À l’opposé, prenons un produit avec un DN de 80 et une DV de 20 : il est référencé dans 80 % des magasins, mais ces derniers ne génèrent que 20 % du chiffre d’affaires de la catégorie. Sa présence est large, mais peu rentable. Autrement dit, la marque se disperse là où les volumes ne suivent pas : on n’est tout simplement pas installé là où le marché se fait.
La deuxième variable pour analyser une part de marché ? La demande !

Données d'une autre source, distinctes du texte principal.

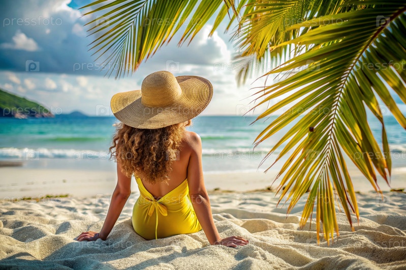 Женщина на отдыхе, сидящая в купальнике и соломенной шляпе с широкими краями на пляже в солнечный день и смотрящая на море

Mais la présence physique ne suffit pas. Il faut aussi que le produit réponde à la demande, qui se décline en trois dimensions :
Le facteur de marchandisage
Imaginons : vous êtes bien distribué, dans tous les magasins qui comptent. Mais sur place, la réalité peut varier : un produit offert sur 10 cm de linéaire avec une seule référence ne rivalise pas avec celui qui occupe 3 mètres et propose toute une gamme. Le facteur de marchandisage englobe plusieurs leviers qui pèsent lourd dans la balance :
- le support linéaire
- la proportion de linéaires
- le nombre de références
- la part de vos offres
Votre mission : identifier rapidement où le bât blesse ou, au contraire, ce qui fait la force de votre dispositif en magasin. Présence massive ou timide : la différence se lit immédiatement dans les volumes de vente et donc dans la part de marché obtenue.
Le prix
Un autre point à ne jamais négliger : le prix pratiqué. Si votre offre n’est pas alignée avec les attentes du marché ou les niveaux de prix des concurrents, cela se reflète instantanément dans les ventes. Le niveau de prix explique souvent le positionnement réel de votre part de marché.
Pour avancer, il est donc indispensable d’analyser à la fois le prix de base du marché et le prix moyen pratiqué, afin de situer votre produit par rapport aux autres acteurs du secteur.
Facteurs promotionnels
Enfin, il reste à examiner la dynamique promotionnelle. Êtes-vous suffisamment mis en avant lors des actions commerciales ? Vos produits profitent-ils de campagnes qui améliorent la visibilité et la rotation ? Pour le savoir, certains indicateurs sont incontournables :
- le Promo DN
- le Promo DV
- la vitesse de transformation
- le prix promotionnel
- le nombre de catalogues de distributeurs où vos produits apparaissent
En passant chaque étape en revue, on obtient une vision précise de la place occupée par votre marque et des leviers à activer pour progresser. Cette approche permet d’établir un diagnostic clair et de cibler des actions marketing ou commerciales adaptées à la réalité du terrain.
Reste à savoir si, demain, votre produit sera celui qu’on retrouve sur tous les tickets de caisse… ou celui qui, faute de stratégie, finit oublié en bout de rayon.